CAFT

Rank-Based Compositional Analysis using Log-Linear Models for Microbiome Data with Zero Cells.

Authors: Glen Satten (GSatten@emory.edu), Mo Li (mo.li@louisiana.edu), Ni Zhao (nzhao10@jhu.edu)

Overview

In this study, we introduce a novel statistical framework for differential abundance analysis of microbiome data, termed the Compositional Accelerated Failure Time (CAFT) model. The CAFT model addresses zero read counts by treating them as censored observations below the detection limit, similar to censoring mechanisms employed in survival analysis. This approach is inherently resistant to multiplicative bias, eliminates the need for pseudocounts, and addresses compositional bias through the establishment of appropriate score test procedures. For FDR control, we utilize and expand the idea from Efron’s empirical null distribution to achieve better FDR control.
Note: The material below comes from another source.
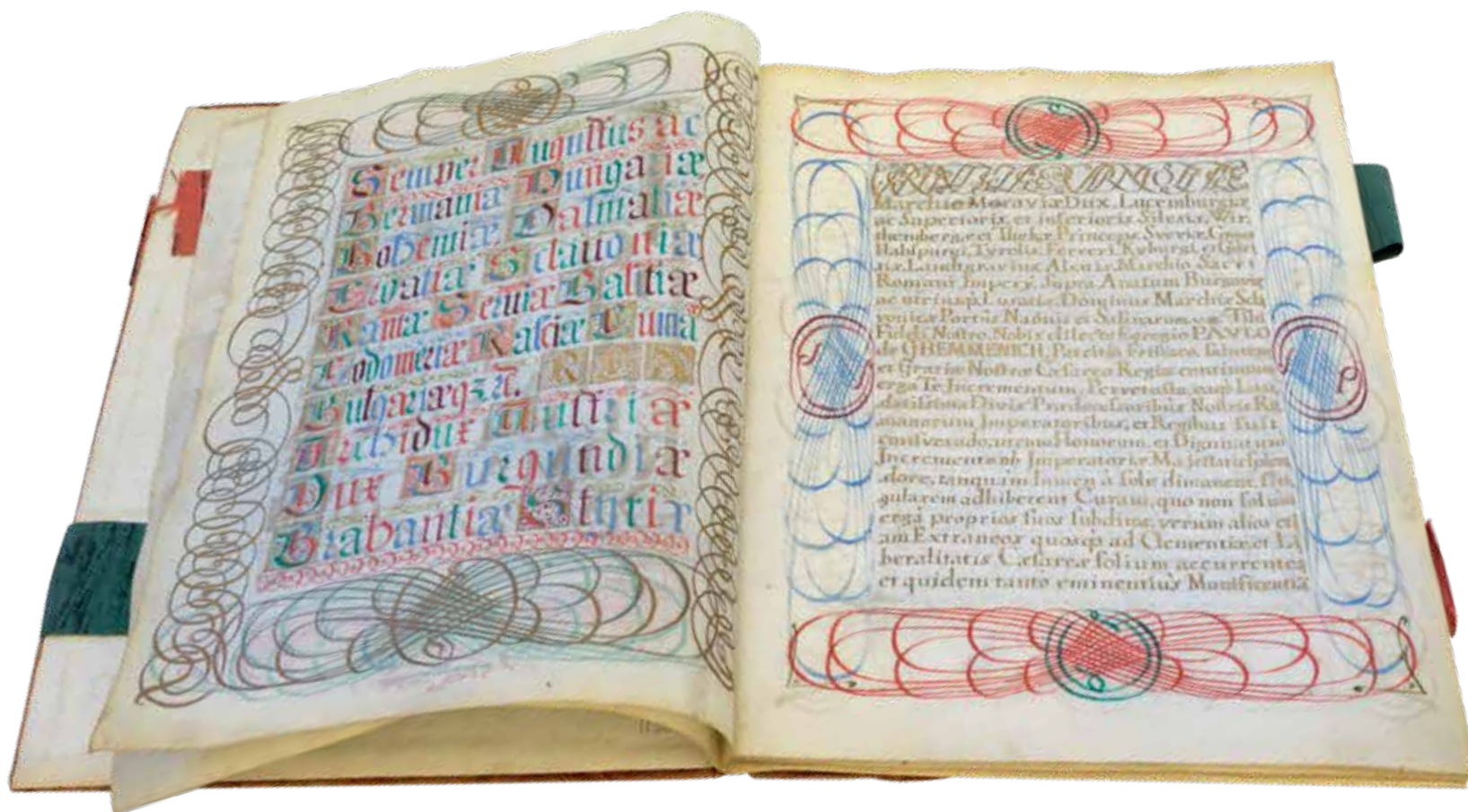
Het adelsdiploma bestaat uit twintig pagina's.

Package download and installation

You can install the version of CAFT from Github:

# install.packages("remotes")
remotes::install_github("mli171/CAFT", build_vignettes = TRUE, dependencies = TRUE)

Open the Vignette in R for more details

browseVignettes("CAFT")

CAFT: Compositional Rank-Based Analysis using AFT models

The main function in CAFT package is:

caft()

An example of using the caft function

Apply ‘caft’ to a dataset from the study of gut microbiome data set focusing on the adult colorectal cancer using the stool samples (Pasolli et al.,2017).

library(CAFT)
library(phyloseq)

data(Colon)

count.tab = t(as.data.frame(as.matrix(otu_table(Colon))))
sample.tab = as.data.frame(as.matrix(sample_data(Colon)))
tax.tab = as.data.frame(as.matrix(tax_table(Colon)))

dim(count.tab)

pNA = which(is.na(sample.tab$age))
if(length(pNA) > 0){
  count.tab = count.tab[-pNA, ]
  sample.tab = sample.tab[-pNA,]
}
# No missing values from gender

## otu presence filtering
p_otu = which(rowSums(t(count.tab) > 0) > 1)
count.tab = count.tab[,p_otu]
tax.tab = tax.tab[p_otu,]

dim(count.tab)

cens.prop = colMeans(count.tab == 0, na.rm = T)
mean(cens.prop)

Disease1 = Disease2 = rep(0, NROW(sample.tab)) # healthy
Disease1[sample.tab$disease == "CRC"] = 1
Disease2[sample.tab$disease == "adenoma"] = 1

Age = as.numeric(sample.tab$age)
Gender = as.numeric(factor(sample.tab$gender)) - 1

x.test = cbind(Disease1, Disease2)
x.adj  = cbind(Age, Gender)

res.CAFT = caft(otu.table=count.tab, x.test=x.test, x.adj=x.adj)

res.CAFT = caft(otu.table=count.tab, x.test=x.test, x.adj=x.adj, n.cores=4)

How to cite

If you use CAFT in your work, please cite:

Satten, G. A., Li, M., & Zhao, N. (2025). CAFT: A Compositional Log-Linear Model for Microbiome Data with Zero Cells. bioRxiv, 2025.11.26.690468. https://doi.org/10.1101/2025.11.26.690468

BibTeX:

@article{satten2025caft,
  title   = {CAFT: A Compositional Log-Linear Model for Microbiome Data with Zero Cells},
  author  = {Satten, Glen A. and Li, Mo and Zhao, Ni},
  journal = {bioRxiv},
  year    = {2025},
  doi     = {10.1101/2025.11.26.690468},
  note    = {Preprint}
}

References

Pasolli E, Schiffer L, Manghi P, Renson A, Obenchain V, Truong D, Beghini F, Malik F, Ramos M, Dowd J, Huttenhower C, Morgan M, Segata N, Waldron L (2017). “Accessible, curated metagenomic data through ExperimentHub.” Nat. Methods, 14(11), 1023–1024. ISSN 1548-7091, 1548-7105, doi:10.1038/nmeth.4468.